In standard Reinforcement Learning settings, agents typically assume
immediate feedback about the effects of their actions after taking them.
However, in practice, this assumption may not hold true due to physical
constraints and can significantly impact the performance of RL algorithms. In
this paper, we focus on addressing observation delays in partially observable
environments. We propose leveraging world models, which have shown success in
integrating past observations and learning dynamics, to handle observation
delays. By reducing delayed POMDPs to delayed MDPs with world models, our
methods can effectively handle partial observability, where existing approaches
achieve sub-optimal performance or even degrade quickly as observability
decreases. Experiments suggest that one of our methods can outperform a naive
model-based approach by up to %30. Moreover, we evaluate our methods on visual
input based delayed environment, for the first time showcasing delay-aware
reinforcement learning on visual observations.

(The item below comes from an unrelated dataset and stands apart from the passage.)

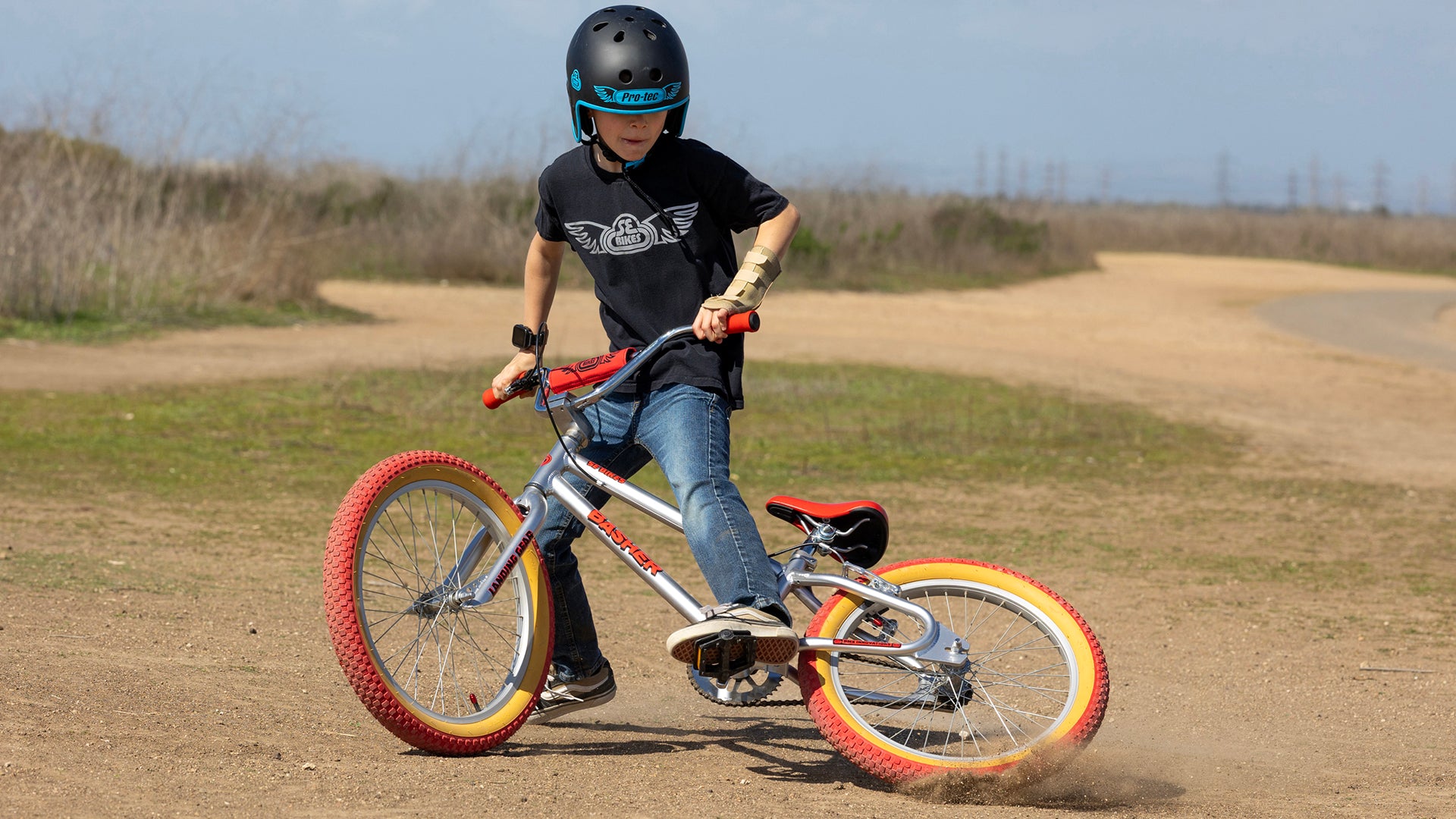 The Basher bike was first introduced to the SE line during the first BMX boom and the brands inception. This legendary bike is making its return this year in multiple new sizes built specifically for kids. The new 20" Bashers stylish and lightweight frame is built with 6061 aluminum and features a low standover, legendary Looptail rear end, and retro dropouts. The combination of a rear hand brake and a freewheel rear hub will help to build confidence and precision. Kids who are new to BMX will absolutely love the new Basher.

在标准强化学习设置中，通过立即获得行为后效果的反馈是常见的假设；然而，由于物理限制，在实践中这种假设可能并不成立，可能严重影响强化学习算法的性能。本文关注部分可观测环境中观察延迟的处理。我们提出利用过去观测和学习动态的世界模型来处理观察延迟。通过将延迟型 POMDP 降低为具有世界模型的延迟型 MDP，我们的方法可以有效处理部分可观察性，在现有方法在可观察性降低时实现次优性能甚至迅速降级的情况下表现出更好的性能。实验证明，我们的方法之一可以比天真的基于模型的方法的表现高出 30%。此外，我们首次在基于视觉输入的延迟环境上评估了我们的方法，展示了延迟感知的视觉观察强化学习。